> Problem to work on:
Print each record below precisely, with every picture left out of the copy.

[Extracted records]
■ ■ ■ ■ ■ ■ ■

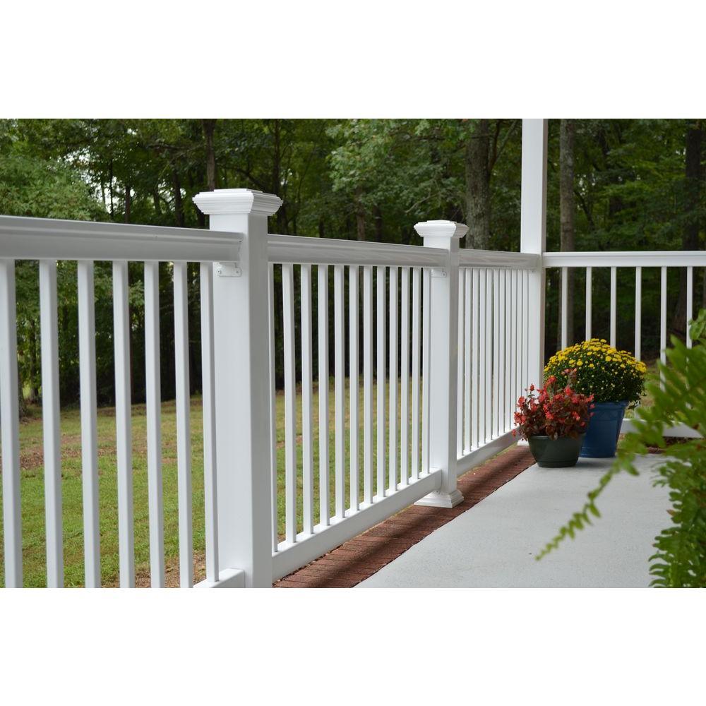 Fiberon ArmorGuard Composite Railing offers a flat, entertainment friendly profile perfect for dressing up decks, porches, balconies and stairs. Available with white square composite balusters, Veranda Composite Railing pairs well with any architectural style. Fiberon Composite Railing consists of a premium composite substructure with a permanent PVC finish for a beautiful, sturdy and safe surround. Fiberon Composite Railing installs quickly and easily with drop-in balusters. Matching Post Sleeves, Post Caps and Post Sleeve Base Molding available to complete your railing system. Order your 6 in. sample today and fall in love with Fiberon Enclave Railing. California residents: See Proposition 65 information.
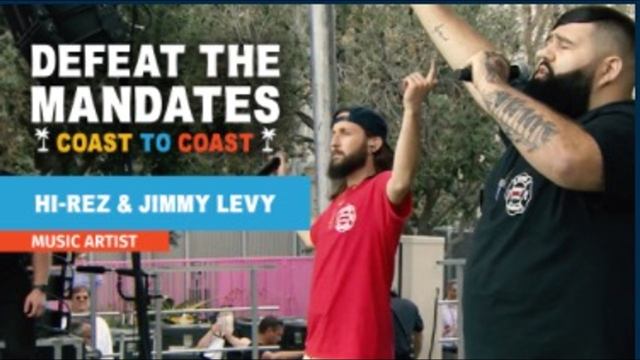 High-Rez & Jimmy Levy perform in front of thousands of attendees at the ‘Defeat The Mandates’ Rally held at Grand Park in Los Angeles, CA, on April 10th.
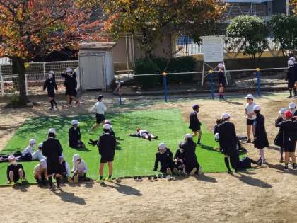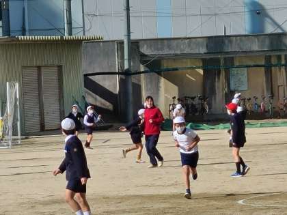 寒さも吹き飛ばして運動場で元気に遊んでいます。
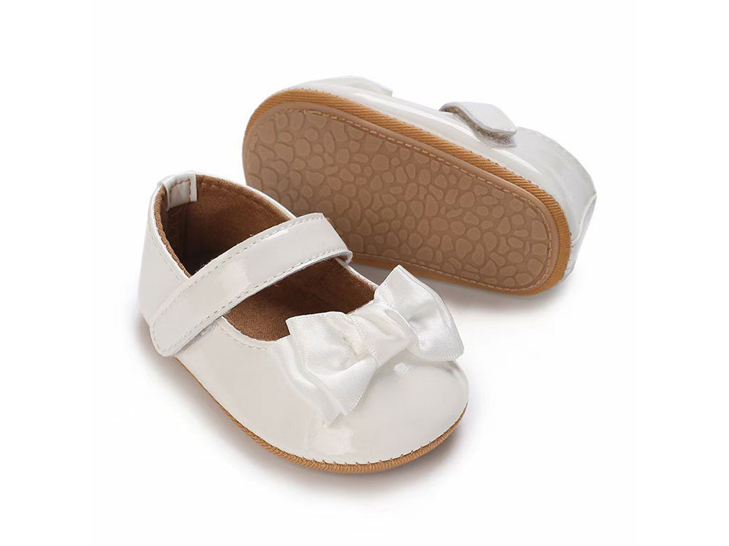پاپوش سفید رنگ استپ دار نوزادی دخترانه طرح پاپیون
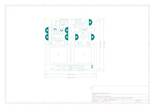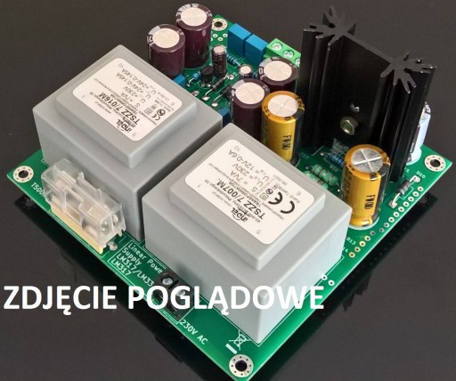 Płytka umożliwia budowę zasilacza symetrycznego LM317/LM337 TO-92 (100mA) o mocy maksymalnej ok. 4W i napięć od 2x3,3V do 2x24V oraz zasilacza LT1085 TO-220 (1,5A) o mocy maksymalnej ok. 4W i napięć od 3,3V do 24V. Napięcia wyjściowe można dobrać za pomocą rezystorów. Na płytce jest miejsce do montażu dwóch transformatorów 6-7 VA.
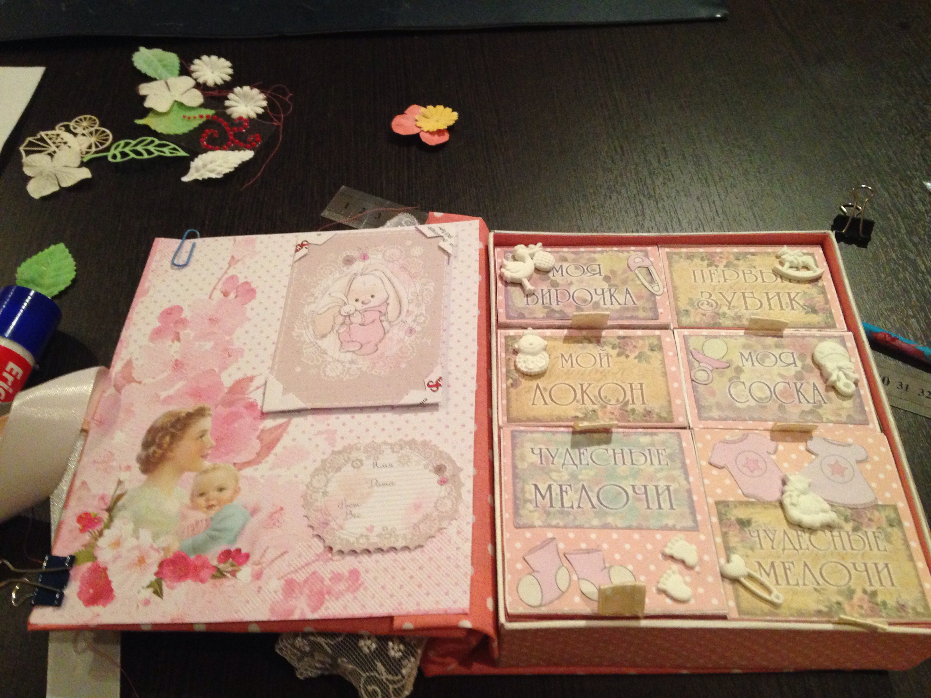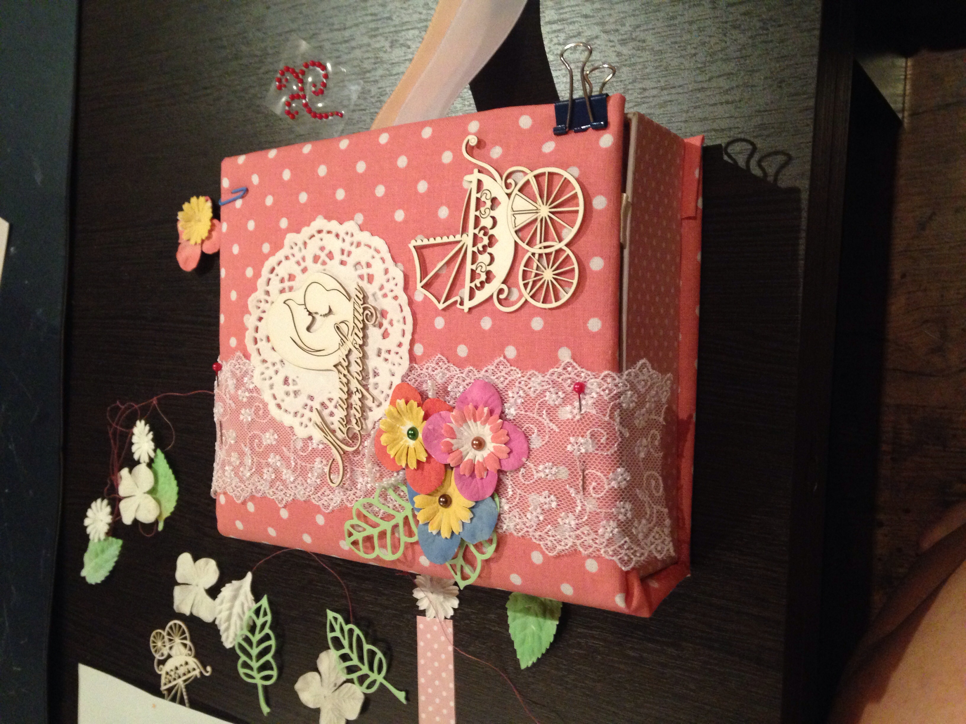 Девочки, посмотрите пожалуйста своим опытным взглядом правильно я расположила украшения? Делаю первый разна подарок, опыта в этом деле у меня ни какого нет. Буду очень рада услышать комментарии. Обложка пока в процессе, вчера хотела про строчить ткань, а моч машинка этого совсем не хочет( сращу рвет нитку, не знаю что с этим делать)
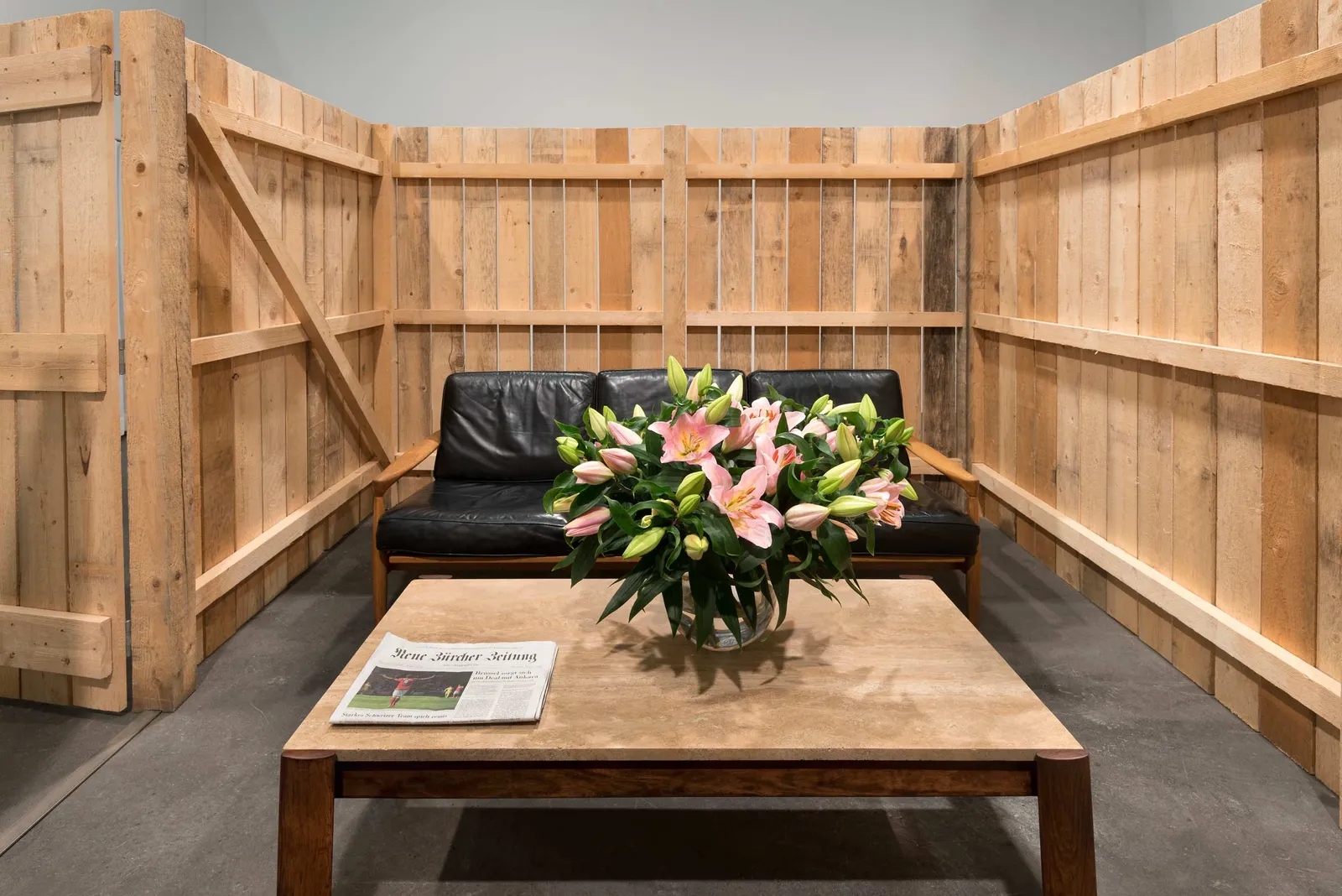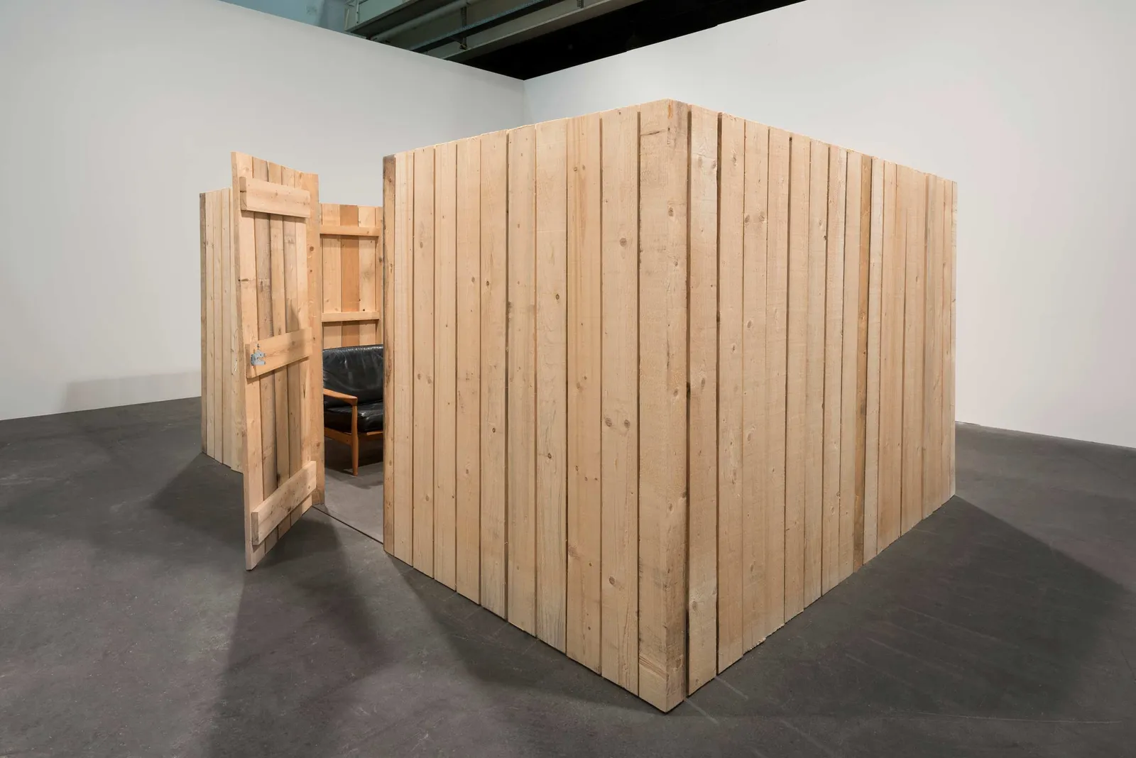 'a good fence' is an immersive installation exploring notions of boundaries, liberation and contemplation. Visitors will encounter a two meter high pine fence which acts as both an excluding barrier and a safe haven. Visitors cannot see through its tightly locked wooden panels, save for one discreet door. Once through the entrance, the environment is transformed from an impenetrable fortress into a tranquil oasis. Two sofas and a coffee table invite us to congregate with one another or offer the opportunity for quiet contemplation-a space to retreat and reflect. First presented at Stephen Friedman Gallery in 2008, the work keys into Hodges' multi-media practice exploring and exploiting everyday materials. Hodges talks of his practice as 'choreographing experiences', and 'a good fence' is a prime example of his investigations into both space and materiality. Our expectations are subverted just as the material too is transformed by the artist's touch, from a simple fence to a meditative temple.

■ ■ ■ ■ ■ ■ ■

> Task answer:
 Fiberon ArmorGuard Composite Railing offers a flat, entertainment friendly profile perfect for dressing up decks, porches, balconies and stairs. Available with white square composite balusters, Veranda Composite Railing pairs well with any architectural style. Fiberon Composite Railing consists of a premium composite substructure with a permanent PVC finish for a beautiful, sturdy and safe surround. Fiberon Composite Railing installs quickly and easily with drop-in balusters. Matching Post Sleeves, Post Caps and Post Sleeve Base Molding available to complete your railing system. Order your 6 in. sample today and fall in love with Fiberon Enclave Railing. California residents: See Proposition 65 information.
 High-Rez & Jimmy Levy perform in front of thousands of attendees at the ‘Defeat The Mandates’ Rally held at Grand Park in Los Angeles, CA, on April 10th.
 寒さも吹き飛ばして運動場で元気に遊んでいます。
پاپوش سفید رنگ استپ دار نوزادی دخترانه طرح پاپیون
 Płytka umożliwia budowę zasilacza symetrycznego LM317/LM337 TO-92 (100mA) o mocy maksymalnej ok. 4W i napięć od 2x3,3V do 2x24V oraz zasilacza LT1085 TO-220 (1,5A) o mocy maksymalnej ok. 4W i napięć od 3,3V do 24V. Napięcia wyjściowe można dobrać za pomocą rezystorów. Na płytce jest miejsce do montażu dwóch transformatorów 6-7 VA.
 Девочки, посмотрите пожалуйста своим опытным взглядом правильно я расположила украшения? Делаю первый разна подарок, опыта в этом деле у меня ни какого нет. Буду очень рада услышать комментарии. Обложка пока в процессе, вчера хотела про строчить ткань, а моч машинка этого совсем не хочет( сращу рвет нитку, не знаю что с этим делать)
 'a good fence' is an immersive installation exploring notions of boundaries, liberation and contemplation. Visitors will encounter a two meter high pine fence which acts as both an excluding barrier and a safe haven. Visitors cannot see through its tightly locked wooden panels, save for one discreet door. Once through the entrance, the environment is transformed from an impenetrable fortress into a tranquil oasis. Two sofas and a coffee table invite us to congregate with one another or offer the opportunity for quiet contemplation-a space to retreat and reflect. First presented at Stephen Friedman Gallery in 2008, the work keys into Hodges' multi-media practice exploring and exploiting everyday materials. Hodges talks of his practice as 'choreographing experiences', and 'a good fence' is a prime example of his investigations into both space and materiality. Our expectations are subverted just as the material too is transformed by the artist's touch, from a simple fence to a meditative temple.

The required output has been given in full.